Their work continues today in different parts of the world and that’s a big way how the Legion grew, through the work of the envoys and extension workers”


“I was there at a time when the British population and the Indian population were leaving East Africa, and it was a time really of the Africans coming into their own and taking over the leadership and that kind of thing,” she explains. “I was there to support them in that role, and then to go into areas where the Legion hadn’t yet progressed or whatever and to establish the Legion here.

“That work continues and I was very happy the other day to see in the minutes coming from Nairobi a reference to a priest up in Meru Diocese [in Kenya] translating the Legion Handbook into their language. I was smiling to myself, saying, before I came home, I set up the Legion there and here we are 40 years later, they’re translating the Handbook – so the work continues.”

Duff’s dream

One of Duff’s particular dreams was the conversion of Asia, with China receiving much of his attention. You can read about the Legion’s exploits in the great Eastern nation on page 30. Asia is now a stronghold for the Legion.

“In Korea, we have three senatus there and we have very many legionaries,” Ms Murphy says with pride. “When they were here at one time recently with us, they said that 10% of the population of Korea is Catholic and that 10% of that membership are legionaries.

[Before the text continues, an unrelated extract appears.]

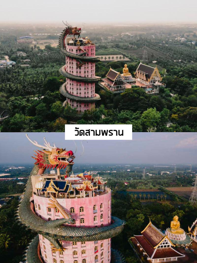 วัดสามพราน เป็นวัดสวยอีกแห่งในนครปฐมค่ะ ความโดดเด่นของวัดสามพรานก็คือ หอคอยสีชมพูสูง 17 ชั้น ซึ่งมี มังกรตะกายฟ้า โอบรอบ ซึ่งการเดินขึ้นไปบนยอดตึกนั้น เราต้องเดินผ่านอุโมงค์ทางลาดที่อยู่ภายในตัวมังกร ซึ่งเหมือนท้องพญามังกรขึ้นไปด้านบน

“I know when I was at Rome for one of the ecclesial meetings, Cardinal Stanisław Ryłko said that when they were in the orient, they were absolutely amazed at the growth of the Legion there. In all countries like Taiwan, Vietnam, all those countries would have the Legion. India itself of course would have a strong legionary presence. They do assist, they sometimes would undertake visitation of the councils there on behalf of the concilium. They’re all part of us here, even though they’re far away from us. They’re very much part of us.”


There aren’t many countries left that the Legion doesn’t have a foothold in. Despite this, they have no intention on resting on their laurels.

“We’re in over 170 countries now,” Ms Murphy explains. “Our hope is always, where people are available of course, to expand. It depends at the time what resources we have and personnel to do this, because people have to give their time to go and to volunteer. It comes in different phases… Sometimes people give time, but they may prefer to go indoor here at our hostels. But then people who would like maybe to be a bit more adventurous and to spread out into the deep, they head to the bush or wherever – it’s great.”